Malware is malicious software designed to cause damage to computers, networks, and servers. There are different forms of malware, including Trojans, viruses, and worms, and they all reproduce and spread through a computer or network. This allows the hacker to gain deeper access into the target network to steal data, cause damage to devices, render networks inoperable, or take control of systems.

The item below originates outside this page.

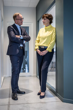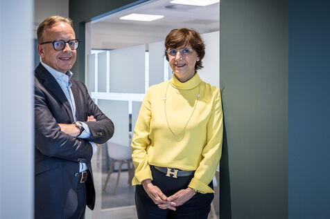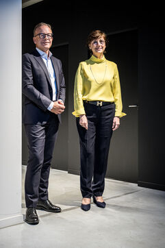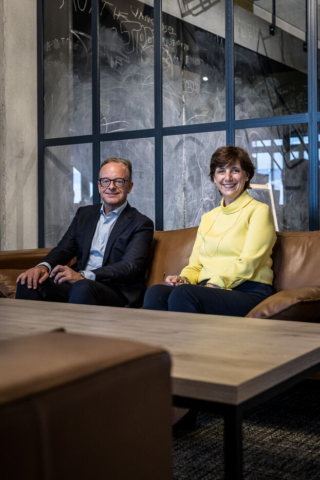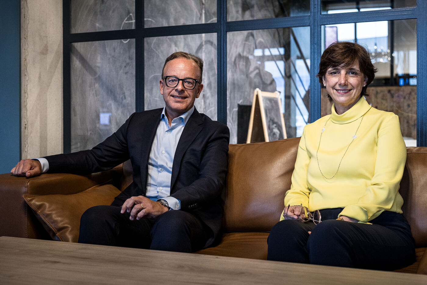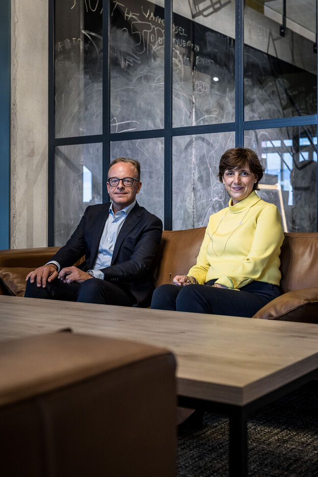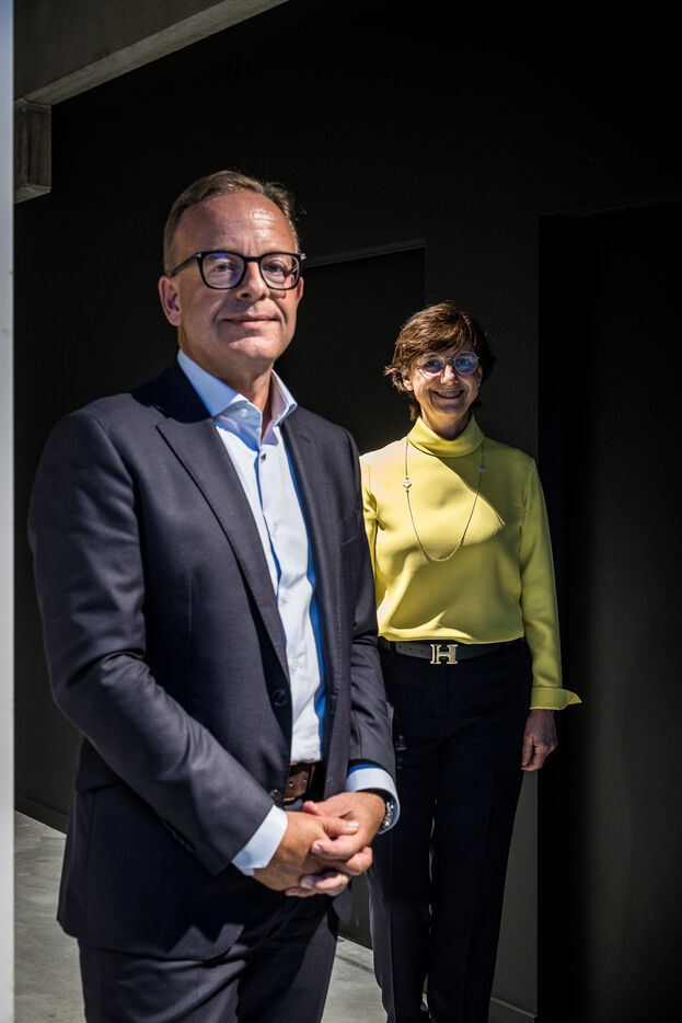 Namur, Belgium. 2023-09-21. Portrait of Xavier Hormaechea, President of BioWin and Sylvie Ponchaut, Managing Director.

• Trojans :- A Trojan or a Trojan horse is a program that hides in a useful program and usually has a malicious function. A major difference between viruses and Trojans is that Trojans do not self-replicate. In addition to launching attacks on a system, a Trojan can establish a back door that can be exploited by attackers. For example, a Trojan can be programmed to open a high-numbered port so the hacker can use it to listen and then perform an attack. 
•  Logic bombs :- A logic bomb is a type of malicious software that is appended to an application and is triggered by a specific occurrence, such as a logical condition or a specific date and time. 
• Worms :- Worms differ from viruses in that they do not attach to a host file, but are self contained programs that propagate across networks and computers. Worms are commonly spread through email attachments; opening the attachment activates the worm program. A typical worm exploit involves the worm sending a copy of itself to every contact in an  infected computer’s email address In addition to conducting malicious activities, a worm spreading across the internet and overloading email servers can result in denial-of-service attacks against nodes on the network. 
• Droppers :- A dropper is a program used to install viruses on computers. In many instances, the dropper is not infected with malicious code and, therefore might not be detected by virus-scanning software. A dropper can also connect to the internet and download updates to virus software that is resident on a compromised system. 
• Ransomware :- Ransomware is a type of malware that blocks access to the victim’s data and threatens to publish or delete it unless a ransom is paid. While some simple computer ransomware can lock the system in a way that is not difficult for a knowledgeable person to reverse, more advanced malware uses a technique called crypto viral extortion, which encrypts the victim’s files in a way that makes them nearly impossible to recover without the decryption key.
• Adware :- Adware is a software application used by companies for marketing purposes; advertising banners are displayed while any program is running. Adware can be automatically downloaded to your system while browsing any website and can be viewed through pop-up windows or through a bar that appears on the computer screen automatically. 
• Spyware :- Spyware is a type of program that is installed to collect information about users, their computers or their browsing habits. It tracks everything you do without your knowledge and sends the data to a remote user. It also can download and install other malicious programs from the internet. Spyware works like adware but is usually a separate program that is installed unknowingly when you install another freeware application. 

2. Phishing

A phishing attack tricks a target into downloading malware or entering sensitive information into spoofed websites. These cyber attack methods are typically launched via email, with the attacker creating messages that look legitimate and may appear to be from a trusted sender. However, they will contain malware within an attachment or a malicious hyperlink that takes the recipient to a fake website that asks them to enter their login credentials or banking details.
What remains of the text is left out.